Review of Cry Panic

Cry Panic (1974 TV Movie)
5/10
Kafkafornia
24 March 2013
What happens when someone hands a great idea for an existential film noir -- a lone traveler on a deserted highway runs over and kills a stranger, tries to tell the police, and isn't believed because the body disappears -- to a purveyor of processed cinematic cheese food like Aaron Spelling? The result is the inexplicably titled "Cry Panic," a cheapo ABC movie of the week from 1974 starring John Forsythe as the wanderer lured into a trap, Anne Francis as the de riguer bored sexy housewife, and Earl Holliman as the morally ambiguous sheriff of the small town where Forstythe collides with destiny.
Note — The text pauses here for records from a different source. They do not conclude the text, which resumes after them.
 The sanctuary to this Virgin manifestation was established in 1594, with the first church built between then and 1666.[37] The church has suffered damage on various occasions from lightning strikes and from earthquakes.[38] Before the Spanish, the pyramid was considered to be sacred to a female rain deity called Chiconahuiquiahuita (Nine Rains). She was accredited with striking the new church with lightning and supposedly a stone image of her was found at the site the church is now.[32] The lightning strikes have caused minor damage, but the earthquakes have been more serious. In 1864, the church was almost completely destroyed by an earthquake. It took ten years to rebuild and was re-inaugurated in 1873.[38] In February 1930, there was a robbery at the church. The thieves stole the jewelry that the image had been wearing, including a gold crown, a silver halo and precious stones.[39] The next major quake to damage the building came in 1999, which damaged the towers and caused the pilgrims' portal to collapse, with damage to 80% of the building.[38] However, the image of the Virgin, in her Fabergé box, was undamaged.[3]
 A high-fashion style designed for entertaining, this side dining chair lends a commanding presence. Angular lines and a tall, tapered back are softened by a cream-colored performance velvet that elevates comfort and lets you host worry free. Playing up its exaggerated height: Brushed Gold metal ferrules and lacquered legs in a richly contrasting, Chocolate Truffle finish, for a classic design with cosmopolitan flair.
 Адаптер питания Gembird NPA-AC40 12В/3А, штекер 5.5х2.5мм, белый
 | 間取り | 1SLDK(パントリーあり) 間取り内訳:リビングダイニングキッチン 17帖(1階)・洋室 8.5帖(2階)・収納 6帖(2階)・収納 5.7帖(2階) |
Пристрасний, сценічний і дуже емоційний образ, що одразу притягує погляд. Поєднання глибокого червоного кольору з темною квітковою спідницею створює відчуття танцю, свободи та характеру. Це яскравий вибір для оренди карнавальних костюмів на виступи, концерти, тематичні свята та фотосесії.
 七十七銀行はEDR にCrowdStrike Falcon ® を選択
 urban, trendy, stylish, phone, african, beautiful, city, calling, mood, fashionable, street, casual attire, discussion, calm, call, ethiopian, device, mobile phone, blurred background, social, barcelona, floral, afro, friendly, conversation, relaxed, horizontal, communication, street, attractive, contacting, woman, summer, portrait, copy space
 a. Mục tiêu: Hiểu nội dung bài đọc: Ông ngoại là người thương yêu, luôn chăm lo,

The film should be tightly written, but it is not -- Forsythe's character can pursue his aim of proving that he's a killer thanks to a series of unlocked windows, open doors, and lucky discoveries, plus, we never know whether Holliman is acting alone to gaslight Forsythe, or is being manipulated by the other has-been actors who run the town. Such slack storytelling would be forgivable if the movie were atmospheric, but it is not -- it looks like a cop show and makes very little use of the emptiness and darkness that creeps into view now and then, and the director tosses in twangy, generic country music where silence might be more effective. Such bland filmmaking would be forgivable if the movie were perfectly cast, but it is not. There are actors who can portray the kind of dogged existential hero who will save his sanity by proving he's a killer, but John Forsythe ain't one of them. The scriptwriters make it easy for him to play a rootless nobody by giving him no past and no future aside from a potential job interview in San Francisco, but Forsythe, ever suave and even-tempered, still looks like a disgruntled suburban Dad whose Corvette ran out of gas on the way to his country club, more the kind of man who'll make trouble go away with a firm handshake that conceals a Benjamin than a relentless pursuer of truth at any cost. There's also the fact that his character seems way too stupid to figure out a junior-level crossword puzzle, let alone a convoluted mystery. He keeps trusting the wrong people, and when he discovers a dead body while eavesdropping on his pursuers he screams and runs out of his hiding place like a hysterical preteen girl. Anne Francis wanders on and offscreen looking like she doesn't quite know what she's doing there, which kind of works for her character. That so flawed a movie should still make such an impression is a testament to the great idea on which it's based, you just wish it could have been a little better.